That said, competition changes magnitudes in a predictable direction. Because rivals provide a substitute, any seller who prices above R (entering the loss region) loses share quickly when η− > 0, making ``anchor inflation’’ especially unattractive in high-competition products. This moderates the dynamic manipulation channel relative to a monopoly benchmark. Conversely, if the label confers a discrete demand boost (captured by ψLijt) and consumers search at the product level, competition can increase the incentive to price just below the cutoff to win the label and capture demand from rivals. In this sense, competition can the salience of the platform’s labeling rule even if it reduces the profitability of long-run reference management.
Our welfare calculations and counterfactual simulations use a logit conversion model primarily for tractability and for its clean mapping to consumer surplus. Two concerns are natural: (i) whether the conclusions hinge on the logit link (rather than, say, a linear probability or count model), and (ii) whether the piecewise-linear gain/loss structure is too restrictive, particularly around p ≈ R where small changes in R can mechanically flip the sign of the reference term.
We therefore re-run the main exercises under three alternative demand specifications.
We estimate a linear model for expected purchases,
𝔼[yit ∣ pit, Rit, Xit] = mit(bi + λt + Xit′γ − apit + η+(Rit − pit)+ − η−(pit − Rit)+),
and truncate implied purchase probabilities to [0, 1] when needed. This specification yields
closed-form best responses in each region and is useful for
stress-testing whether the equilibrium feedback we highlight is an
artifact of nonlinear choice. The qualitative ranking of algorithms is
unchanged: longer memory raises the intertemporal value of elevating
R and increases price
dispersion; sales-weighting attenuates the influence of low-demand price
postings on future R and
reduces volatility; short memory reduces both perceived discount
persistence and the state dependence of optimal pricing. What changes is
the decomposition of effects: with linear demand, the marginal impact of
being in the gain region is constant within the region, so strategic
bunching at the label cutoff is less sharp unless we include a discrete
label shift ψ.
When yit is better interpreted as a count generated by a purchase rate rather than a binomial conversion from fixed impressions, we estimate a Poisson model for 𝔼[yit] with log link and an offset log mit.
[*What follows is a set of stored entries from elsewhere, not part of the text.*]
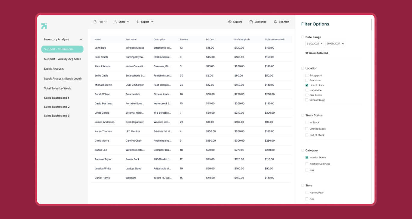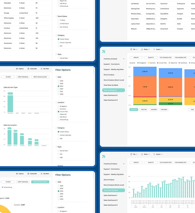 A company specializing in home improvement products faced significant challenges with their inventory analysis processes. Relying on manual data integration from Netsuite and Excel, the system was inefficient, error-prone, and costly. Our team developed a custom reporting solution using Power BI, integrating with Netsuite through its "Saved Searches" feature. This solution streamlined the data export process, significantly reduced reporting times, and lowered costs, ultimately enhancing the client’s inventory analysis and decision-making capabilities.
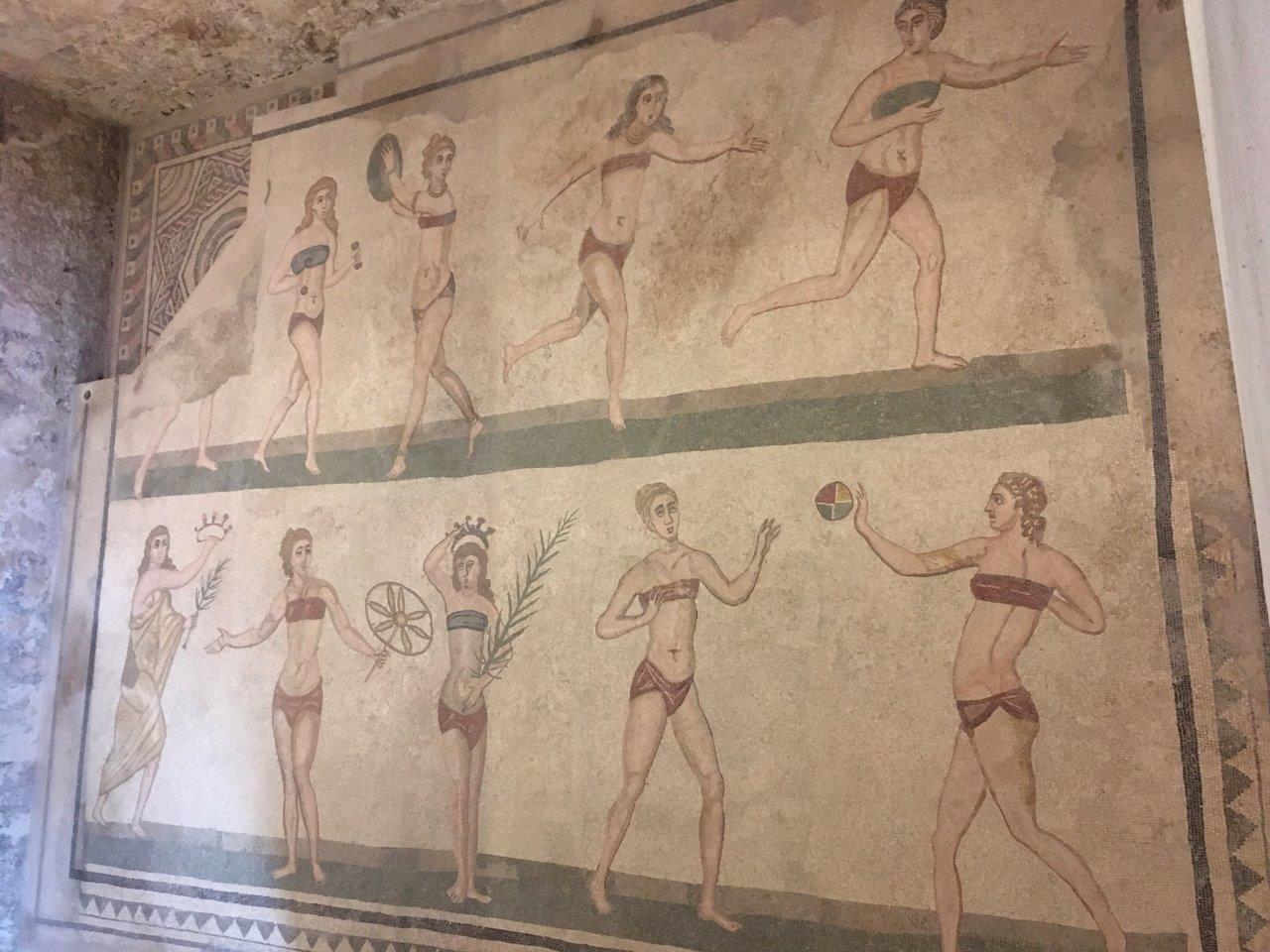 These floors were covered in mosaics, and this is the "Bikini Lady" room. But it's not a bathroom! They're elite women playing in the Olympics!!
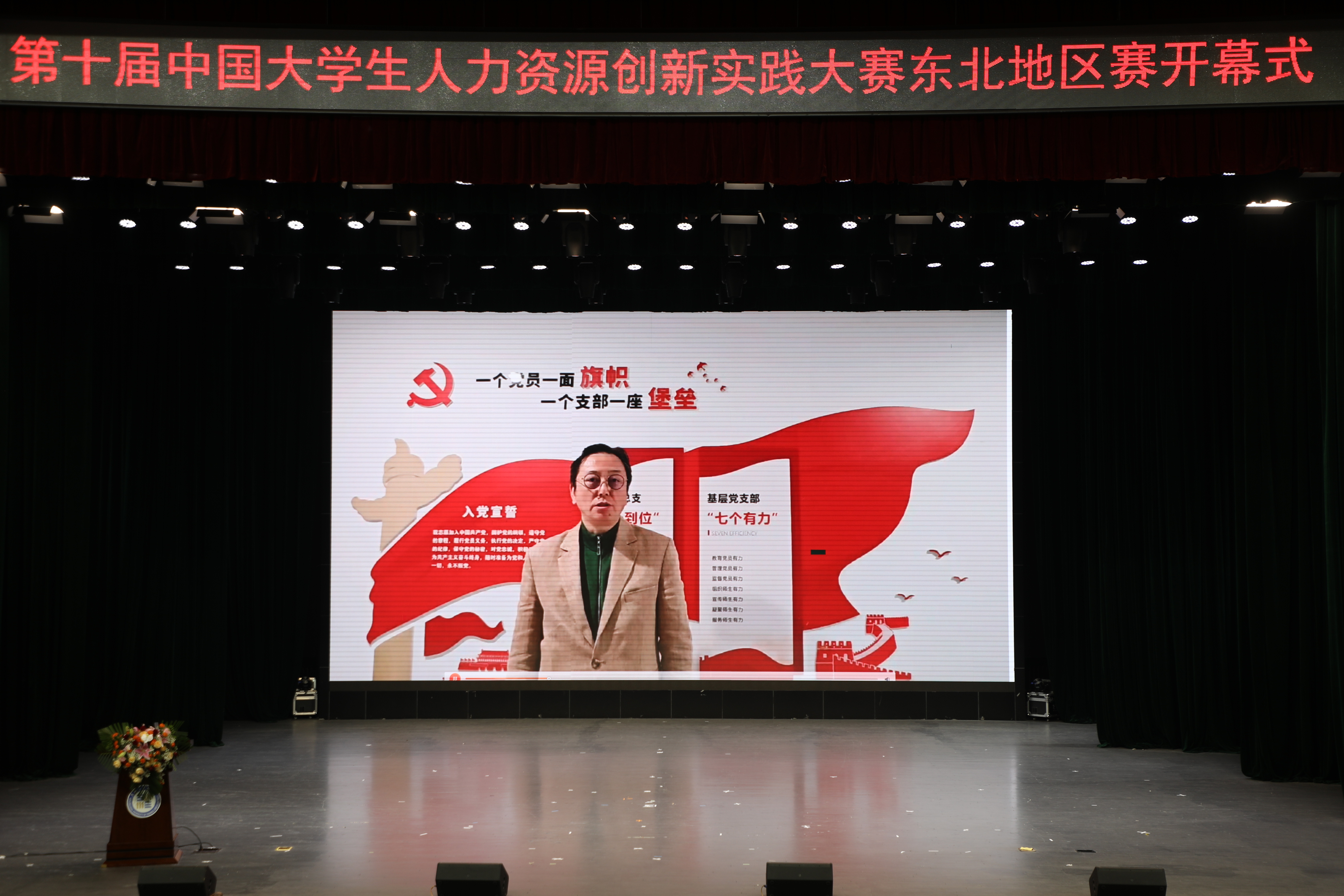 初浩楠通过视频发表致辞,代表大赛主委会对黑龙江财经学院筹办地区赛做出的努力表示感谢,并指出,中国大学生人力资源创新实践大赛历经十届,“以赛促学、以赛促教、以赛促就、产教融合”的理念一直贯彻始终,大赛促进高校师生从教学转向实践,从理论转向应用,推动人才培养与行业需求精准对接,让知识成果真正落地转化为实际价值。希望东北赛区的参赛选手发挥出最好水平,取得优异成绩。
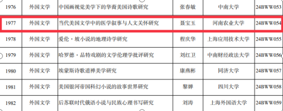 本网讯(审核:吴 玲;通讯员:聂宝玉 马孝幸)近日,全国哲学社会科学工作办公室发布《2024年国家社会科学基金年度项目立项结果公布》,我校获批国家社科基金各类年度项目4项。性爱网 聂宝玉副教授主持的“当代美国文学中的医学叙事与人文关怀研究”获批一般项目立项,实现了性爱网 国家社科基金项目的新突破。
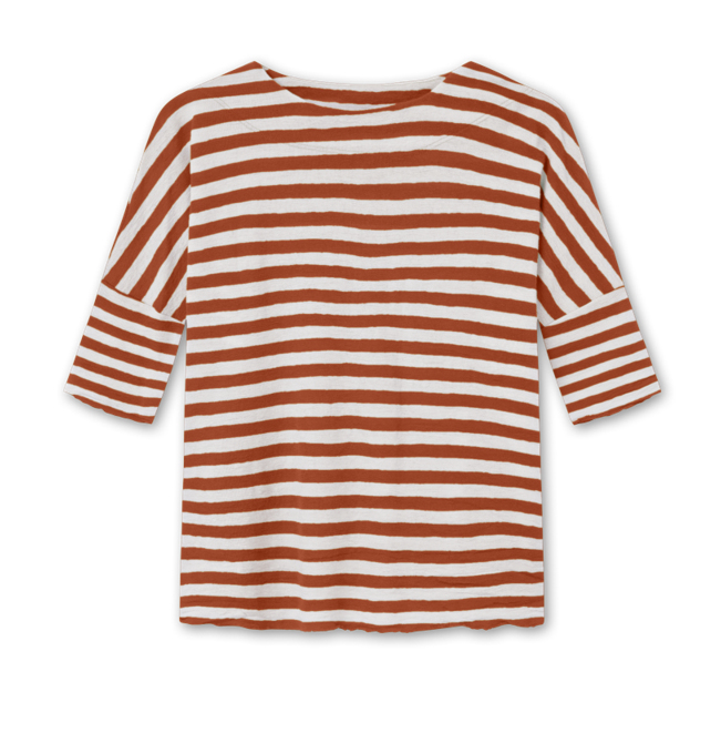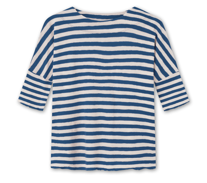 Bluse i blød merinould, med et vidt snit, smuk bådudskæring, og korte ærmer.

This preserves the multiplicative structure of demand shocks and is more forgiving about overdispersion. The estimated gain/loss asymmetry is similar, and counterfactual rankings remain stable. In particular, the sales-weighted reference continues to dominate unweighted posted-price references in environments with large transitory demand shocks because it reduces the sensitivity of future R to prices posted in periods that generate few transactions.
To relax the kink at p = R, we replace the
piecewise-linear term with a differentiable approximation, e.g.
$$
\eta\,(R-p)\tanh\!\left(\frac{R-p}{\sigma}\right),
$$
or a spline in (p − R). These alternatives
allow the data to determine whether sensitivity changes sharply at p = R or more gradually.
Empirically, the kink is often present but not infinitely sharp,
consistent with consumer inattention or noisy perception of the
reference. Importantly, the policy implications are not driven by the
kink itself: the main driver is the between over-reference and
under-reference pricing, which remains under smooth approximations.
Across these alternatives, the main limitation is interpretability of welfare. When we move away from logit, we lose the exact log-sum expression for consumer surplus. For robustness we therefore report (i) compensating-variation style indices under a maintained extreme-value error only for the subset of models that admit it, and (ii) ``behavioral surplus’’ proxies that integrate the predicted change in purchase utility (excluding the idiosyncratic shock) over impressions. The algorithm ranking is stable under both approaches, though levels are model-dependent.
Reference pricing is unlikely to be homogeneous: experienced consumers may treat ``usual price’’ skeptically, while new consumers may rely on it as a heuristic; some categories (e.g., commoditized electronics) may be more reference-sensitive than others (e.g., niche goods). We incorporate heterogeneity in two complementary ways.
First, we estimate segment-specific parameters by interacting the
gain/loss terms and the label with observable segment indicators S ∈ {new, returning} (or device
type, traffic source, and category bins):
Vit = ⋯ + η+, S(Rit − pit)+ − η−, S(pit − Rit)+ + ψSLit.
A consistent pattern is that returning users exhibit smaller ψS and smaller
η+, S,
while η−, S is often
comparable or larger. This is consistent with a behavioral
interpretation in which frequent shoppers discount promotional framing
but still react negatively to offers that look overpriced relative to a
displayed benchmark. In counterfactual simulations, this heterogeneity
matters for effects: designs that generate more frequent ``big
discounts’’ (long memory) shift surplus toward new users, while designs
that reduce over-reference episodes (sales-weighting and short memory)
disproportionately benefit returning users.
Second, we allow for continuous heterogeneity by estimating a random-coefficients version in which (η+, η−, ψ) follow a parametric distribution across users (approximated at the impression level using observed mix-shifters). While we cannot recover full user-level histories in many datasets, a mixed-logit approximation is still informative about the tails: a small mass of highly reference-sensitive consumers can make labels valuable even if average effects are modest. Under this extension, sales-weighting becomes particularly attractive as a design: it reduces the ability to ``manufacture’’ high anchors that disproportionately exploit the most reference-sensitive segment, while preserving genuine informational content from high-volume transaction periods.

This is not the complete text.